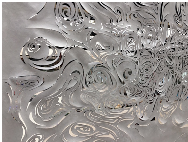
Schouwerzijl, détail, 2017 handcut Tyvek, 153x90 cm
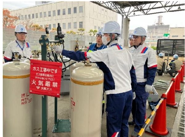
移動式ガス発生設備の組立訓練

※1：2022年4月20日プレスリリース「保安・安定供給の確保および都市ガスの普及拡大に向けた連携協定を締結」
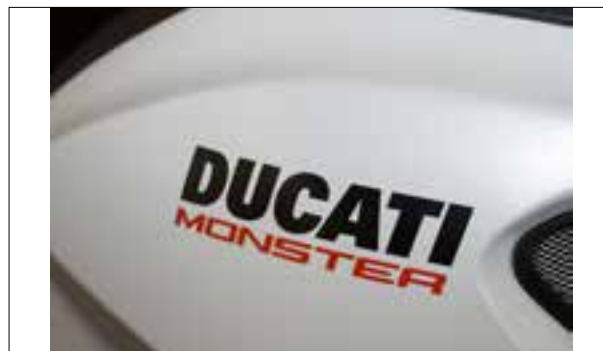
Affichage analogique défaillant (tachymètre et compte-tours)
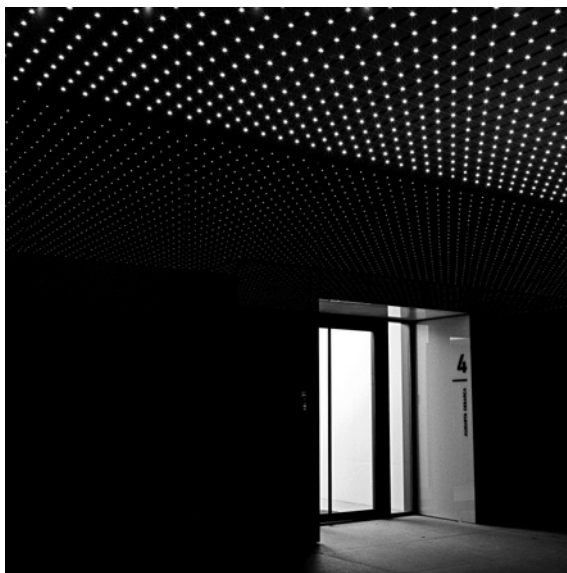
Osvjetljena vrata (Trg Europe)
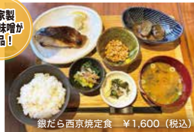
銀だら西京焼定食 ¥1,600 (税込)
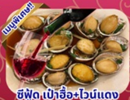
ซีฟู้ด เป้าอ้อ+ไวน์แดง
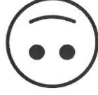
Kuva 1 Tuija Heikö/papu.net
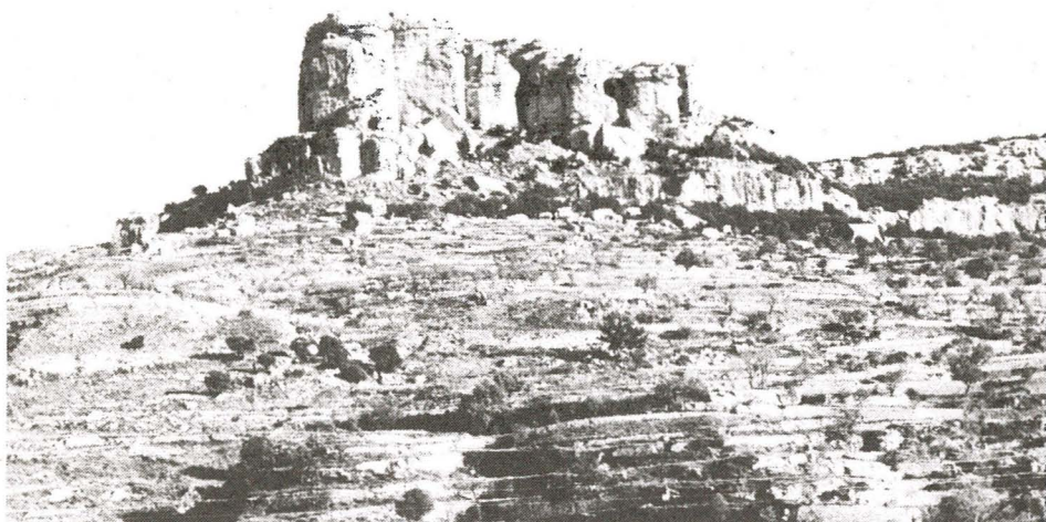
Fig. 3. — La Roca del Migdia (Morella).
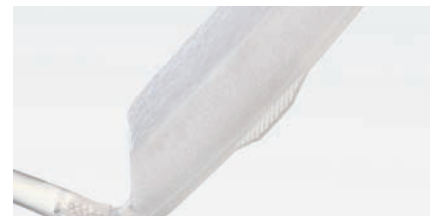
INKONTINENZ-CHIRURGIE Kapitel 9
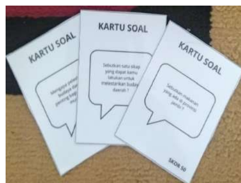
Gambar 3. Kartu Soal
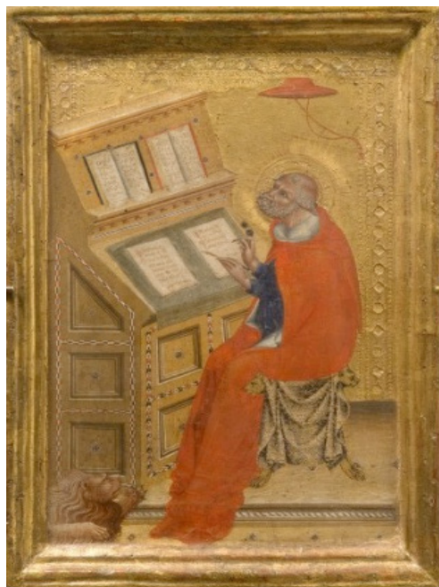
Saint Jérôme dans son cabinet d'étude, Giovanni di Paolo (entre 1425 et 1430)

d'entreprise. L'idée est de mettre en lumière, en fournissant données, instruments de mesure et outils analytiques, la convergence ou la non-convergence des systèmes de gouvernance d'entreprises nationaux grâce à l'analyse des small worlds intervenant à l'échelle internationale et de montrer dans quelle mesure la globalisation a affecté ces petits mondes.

==

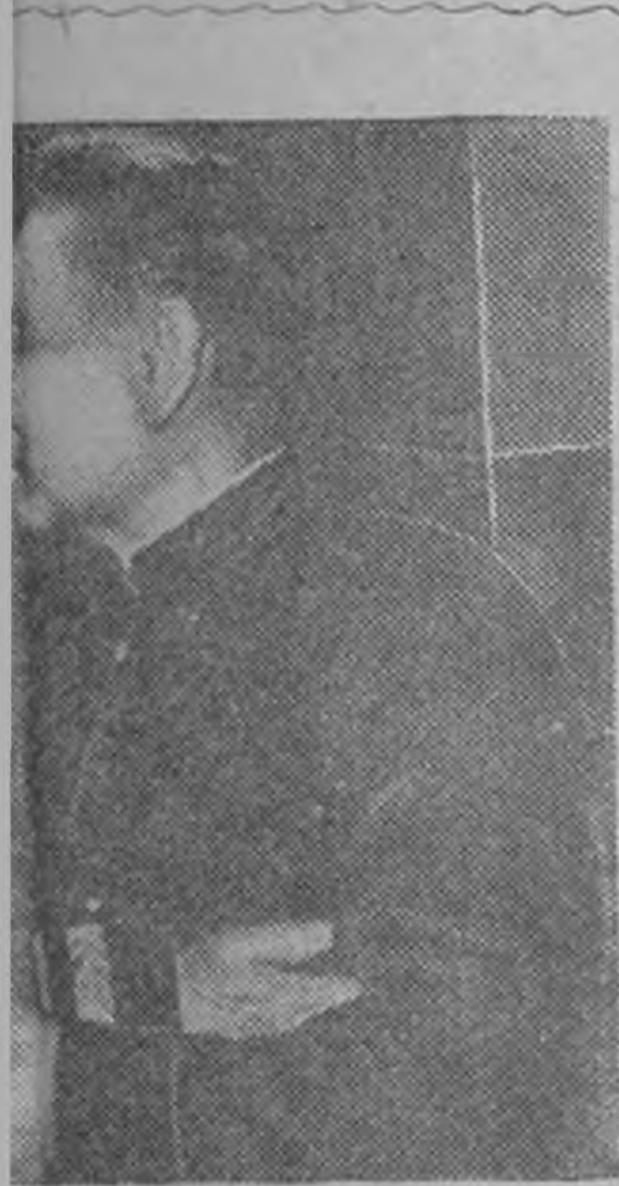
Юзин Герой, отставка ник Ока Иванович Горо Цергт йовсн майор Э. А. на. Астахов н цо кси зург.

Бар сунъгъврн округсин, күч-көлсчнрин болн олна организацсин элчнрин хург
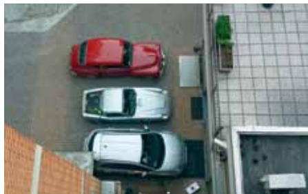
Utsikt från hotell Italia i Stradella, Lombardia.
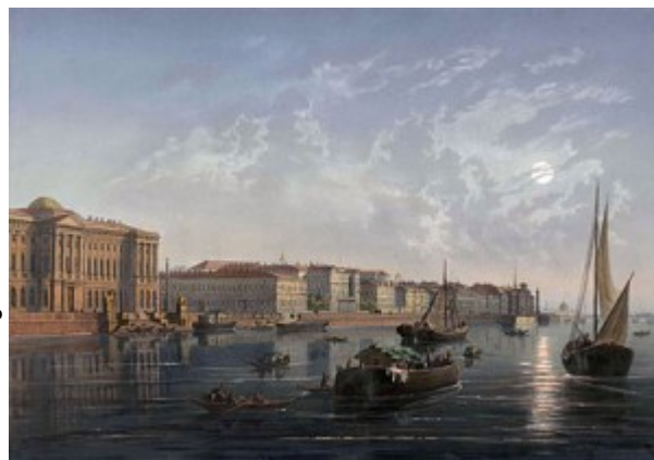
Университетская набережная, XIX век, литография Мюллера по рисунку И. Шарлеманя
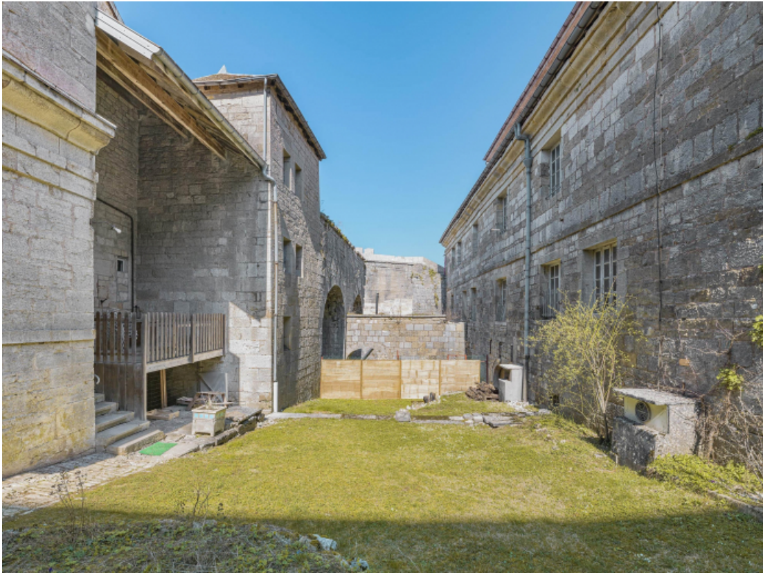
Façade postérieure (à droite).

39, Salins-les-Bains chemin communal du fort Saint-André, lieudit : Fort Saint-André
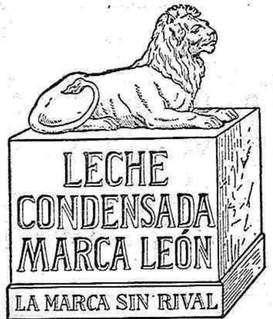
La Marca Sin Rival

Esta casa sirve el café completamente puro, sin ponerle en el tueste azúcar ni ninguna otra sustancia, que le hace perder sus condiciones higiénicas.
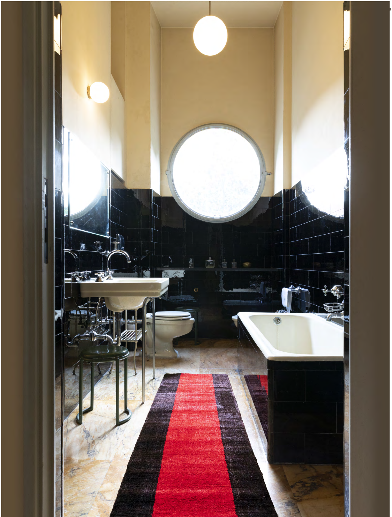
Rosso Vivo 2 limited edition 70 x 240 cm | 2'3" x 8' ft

Assigned task:
Within the material above, only the stretch from the line holding "Gambar 3. Kartu Soal" through the line holding "d'entreprise. L'idée est" is to be restated exactly. Pictures are dropped.

Response to the task:
Gambar 3. Kartu Soal
Saint Jérôme dans son cabinet d'étude, Giovanni di Paolo (entre 1425 et 1430)

d'entreprise. L'idée est de mettre en lumière, en fournissant données, instruments de mesure et outils analytiques, la convergence ou la non-convergence des systèmes de gouvernance d'entreprises nationaux grâce à l'analyse des small worlds intervenant à l'échelle internationale et de montrer dans quelle mesure la globalisation a affecté ces petits mondes.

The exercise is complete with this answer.